Paul Somdyuti, Norkin Andrey, Bovik Alan C
IEEE Trans Image Process. 2024;33:5114-5128. doi: 10.1109/TIP.2024.3455989. Epub 2024 Sep 19.
Adaptive video streaming relies on the construction of efficient bitrate ladders to deliver the best possible visual quality to viewers under bandwidth constraints. The traditional method of content dependent bitrate ladder selection requires a video shot to be pre-encoded with multiple encoding parameters to find the optimal operating points given by the convex hull of the resulting rate-quality curves. However, this pre-encoding step is equivalent to an exhaustive search process over the space of possible encoding parameters, which causes significant overhead in terms of both computation and time expenditure. To reduce this overhead, we propose a deep learning based method of content aware convex hull prediction. We employ a recurrent convolutional network (RCN) to implicitly analyze the spatiotemporal complexity of video shots in order to predict their convex hulls. A two-step transfer learning scheme is adopted to train our proposed RCN-Hull model, which ensures sufficient content diversity to analyze scene complexity, while also making it possible to capture the scene statistics of pristine source videos. Our experimental results reveal that our proposed model yields better approximations of the optimal convex hulls, and offers competitive time savings as compared to existing approaches. On average, the pre-encoding time was reduced by 53.8% by our method, while the average Bjøntegaard delta bitrate (BD-rate) of the predicted convex hulls against ground truth was 0.26%, and the mean absolute deviation of the BD-rate distribution was 0.57%.

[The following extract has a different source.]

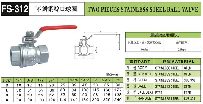 FS312不銹鋼絲口球閥,閥體、球芯全不銹鋼材質(zhì),PTFE密封,理想的環(huán)保產(chǎn)品,避免二次污染,再生利用價(jià)值大,不生銹、耐腐蝕。
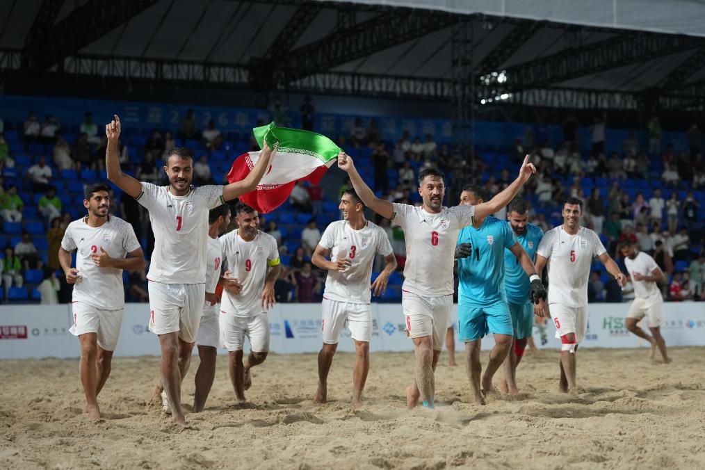 4月29日,在第六届亚洲沙滩运动会沙滩足球男子组决赛中,伊朗队6比2战胜阿曼队,夺得冠军。图为伊朗队球员在比赛后庆祝。新华社记者 潘昱龙 摄

自适应视频流依赖于构建高效的比特率阶梯,以便在带宽受限的情况下为观众提供尽可能好的视觉质量。传统的基于内容的比特率阶梯选择方法需要对视频镜头进行多编码参数预编码,以找到由所得速率-质量曲线的凸包给出的最佳工作点。然而,这个预编码步骤相当于在可能的编码参数空间上进行穷举搜索过程,这在计算和时间消耗方面都会导致显著的开销。为了减少这种开销,我们提出了一种基于深度学习的内容感知凸包预测方法。我们采用递归卷积网络(RCN)来隐式分析视频镜头的时空复杂性,以便预测它们的凸包。采用两步迁移学习方案来训练我们提出的RCN-Hull模型,这确保了足够的内容多样性以分析场景复杂性,同时也能够捕捉原始源视频的场景统计信息。我们的实验结果表明,我们提出的模型能够更好地逼近最优凸包,并且与现有方法相比,在时间节省方面具有竞争力。平均而言,我们的方法将预编码时间减少了53.8%,而预测凸包相对于真实情况的平均Bjøntegaard 增量比特率(BD-rate)为0.26%,BD-rate分布的平均绝对偏差为0.57%。